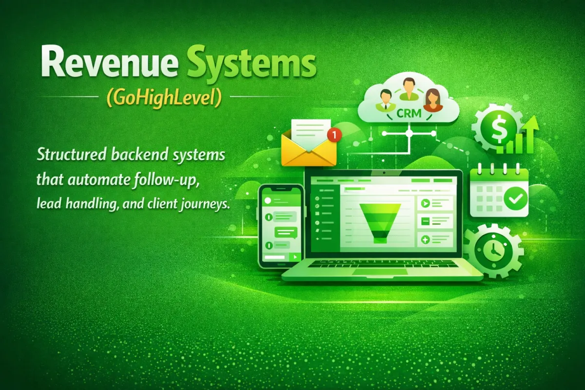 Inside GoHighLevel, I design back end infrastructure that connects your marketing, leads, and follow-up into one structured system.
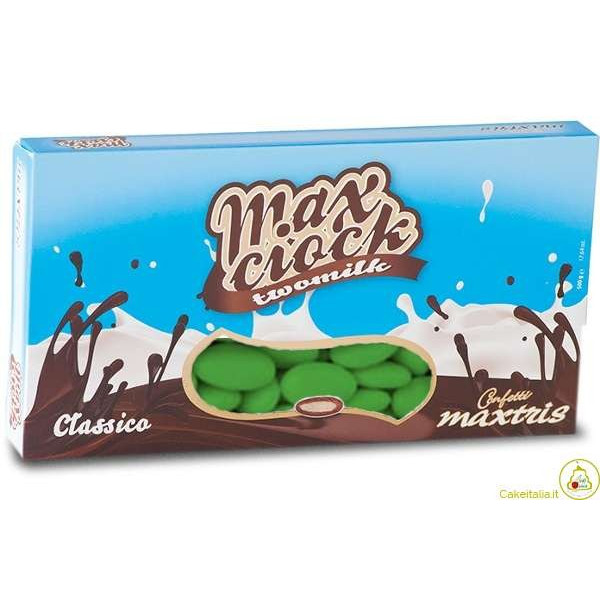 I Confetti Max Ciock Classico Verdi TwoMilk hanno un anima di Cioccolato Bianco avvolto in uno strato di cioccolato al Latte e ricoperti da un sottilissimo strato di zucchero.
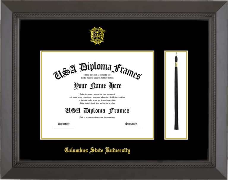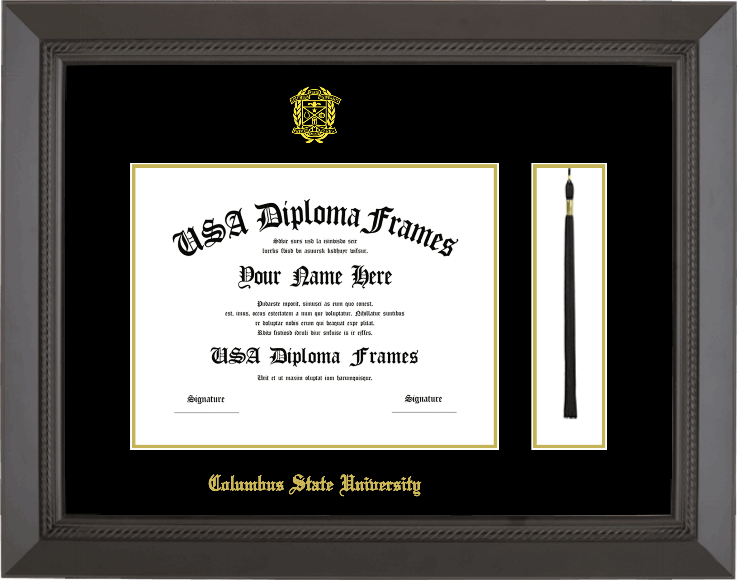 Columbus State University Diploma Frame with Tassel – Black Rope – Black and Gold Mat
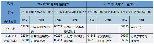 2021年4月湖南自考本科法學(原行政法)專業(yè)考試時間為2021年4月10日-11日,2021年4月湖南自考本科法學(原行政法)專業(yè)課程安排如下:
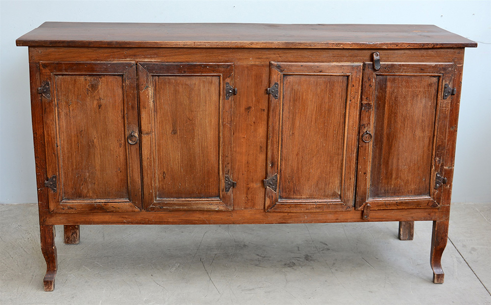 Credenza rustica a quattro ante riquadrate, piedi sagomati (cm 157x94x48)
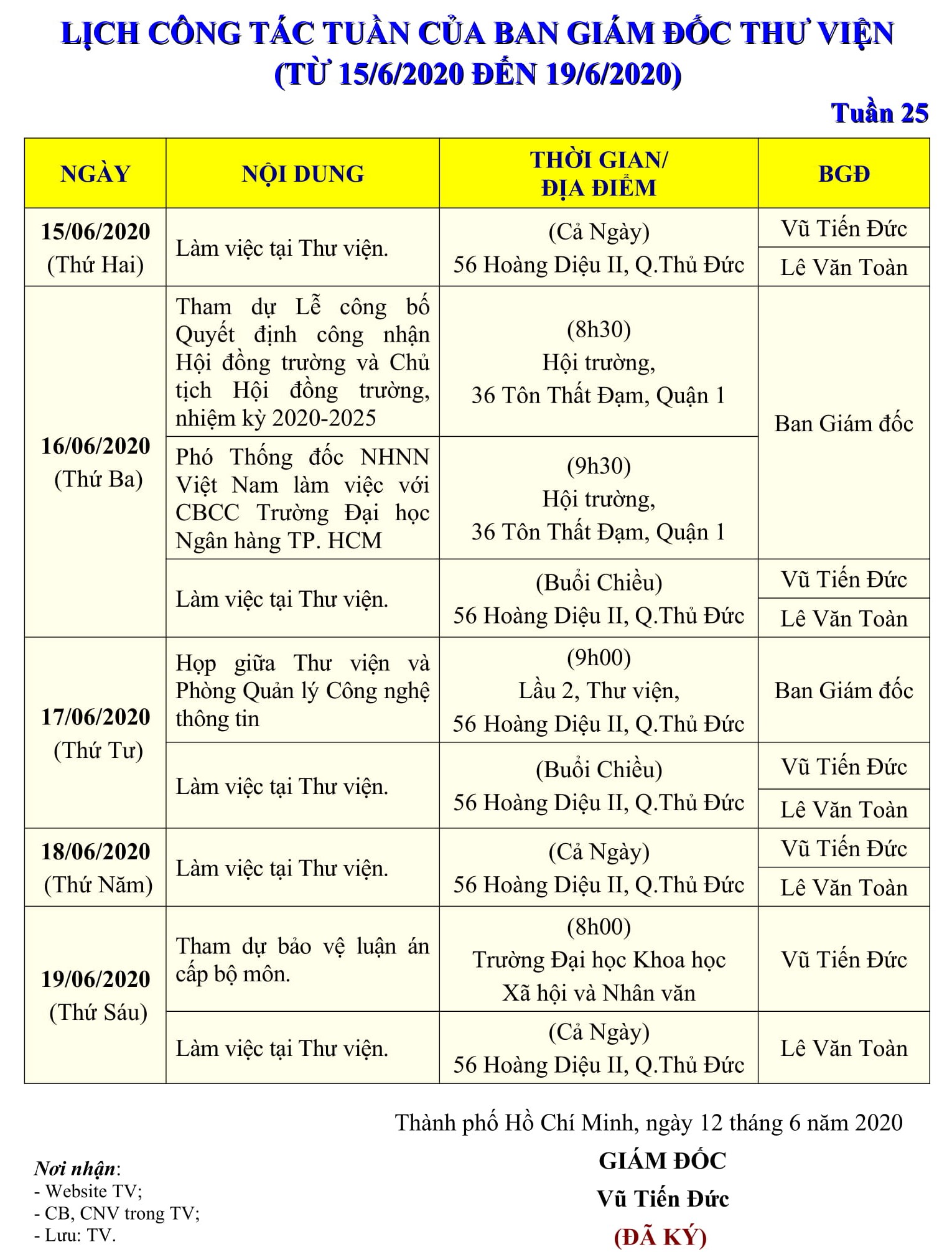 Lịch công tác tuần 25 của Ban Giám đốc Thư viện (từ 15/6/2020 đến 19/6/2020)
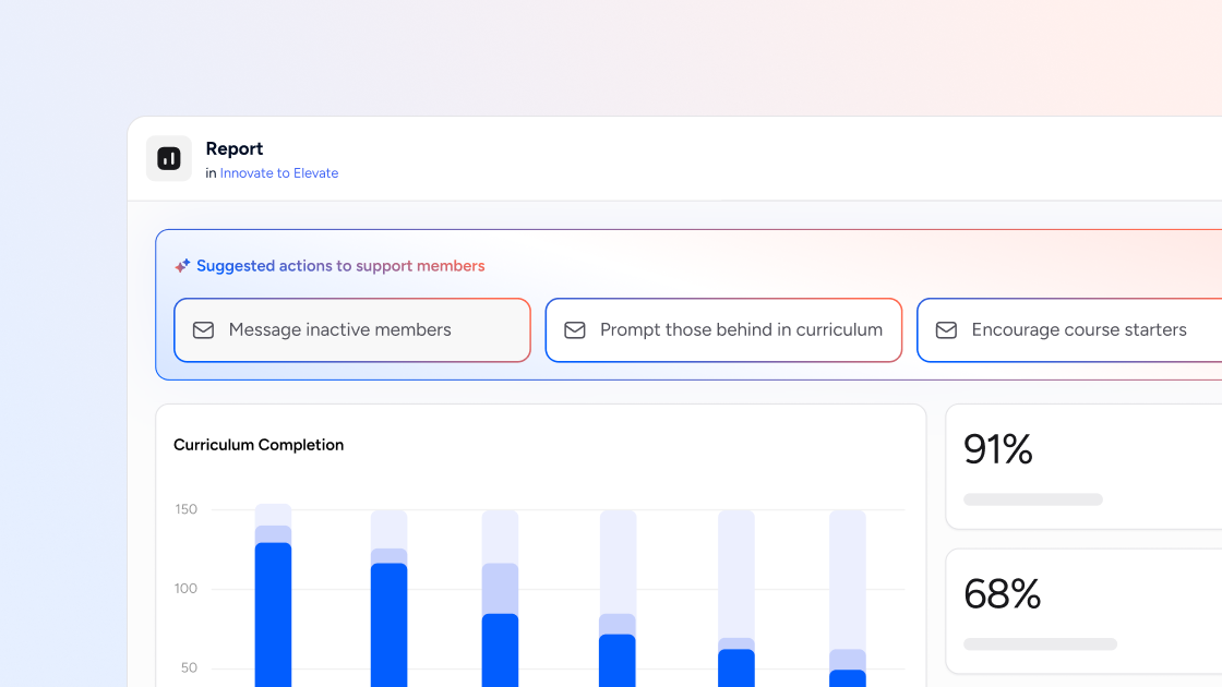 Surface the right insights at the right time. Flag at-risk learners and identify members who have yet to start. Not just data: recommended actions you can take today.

---

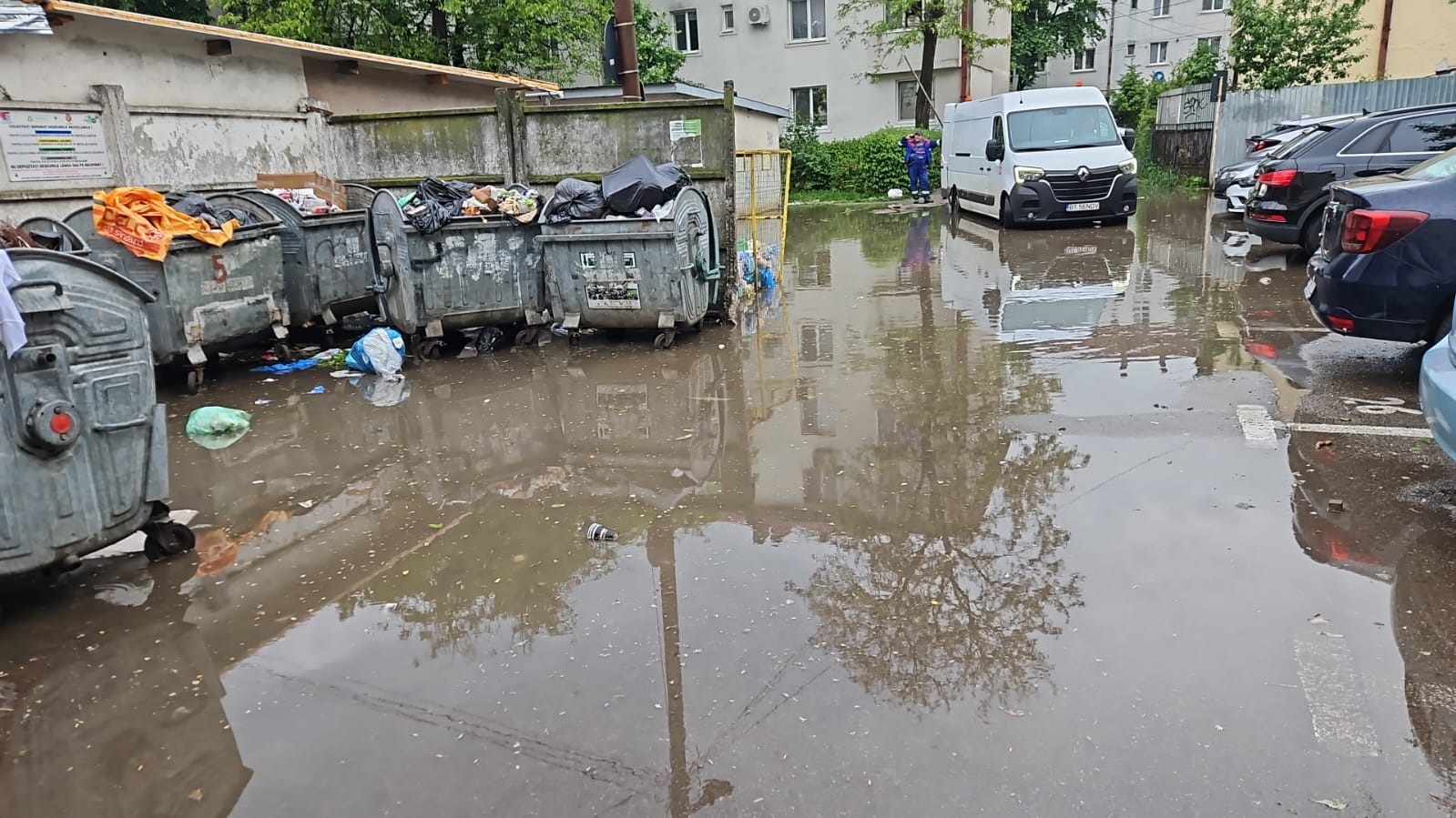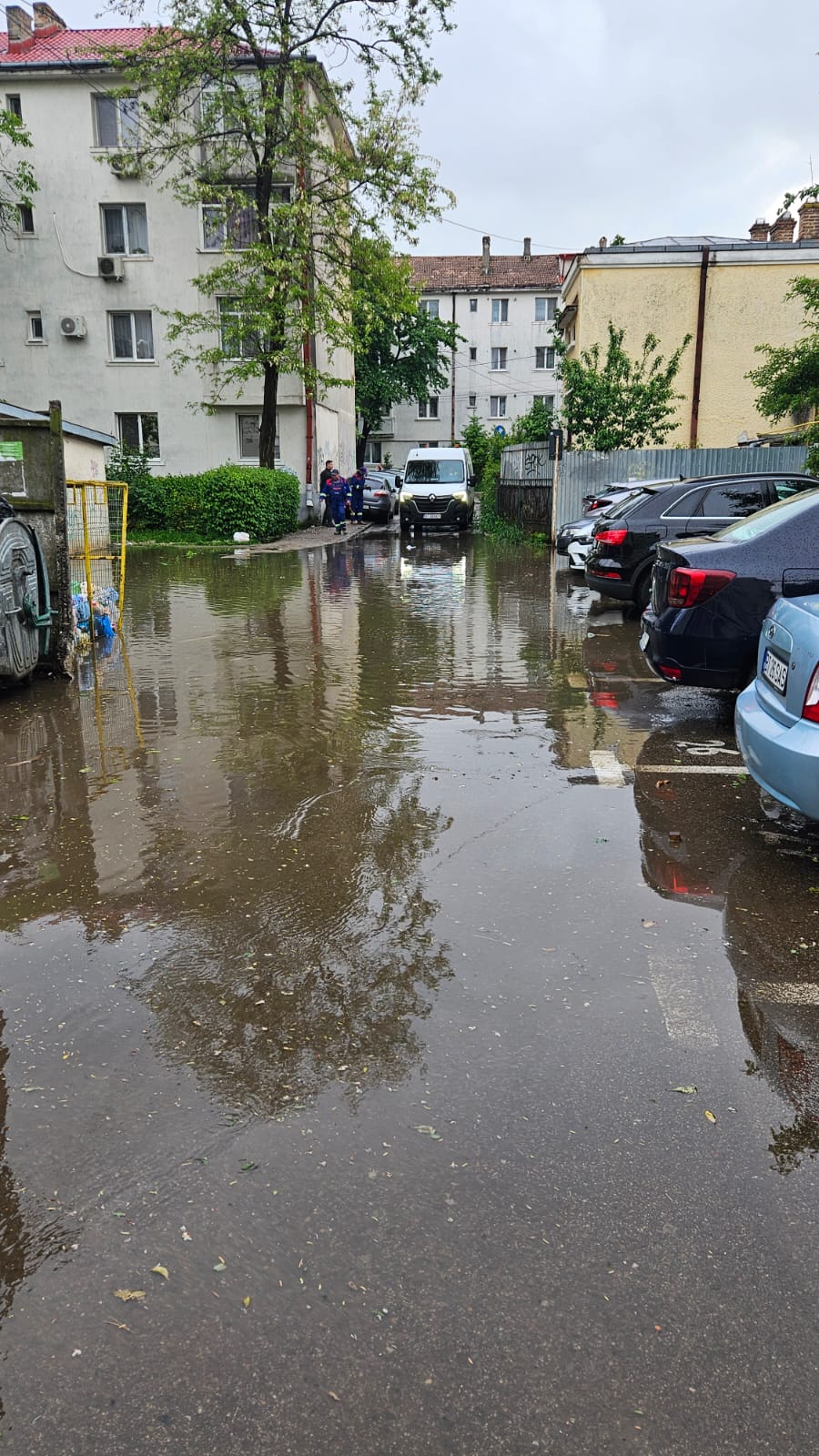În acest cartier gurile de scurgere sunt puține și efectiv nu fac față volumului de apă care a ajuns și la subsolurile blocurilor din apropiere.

[Exercise objective] "Credenza rustica a" marks the first line to copy, and "Surface the right" marks the last. Repeat that stretch above exactly, with no pictures.

[Written solution]
 Credenza rustica a quattro ante riquadrate, piedi sagomati (cm 157x94x48)
 Lịch công tác tuần 25 của Ban Giám đốc Thư viện (từ 15/6/2020 đến 19/6/2020)
 Surface the right insights at the right time. Flag at-risk learners and identify members who have yet to start. Not just data: recommended actions you can take today.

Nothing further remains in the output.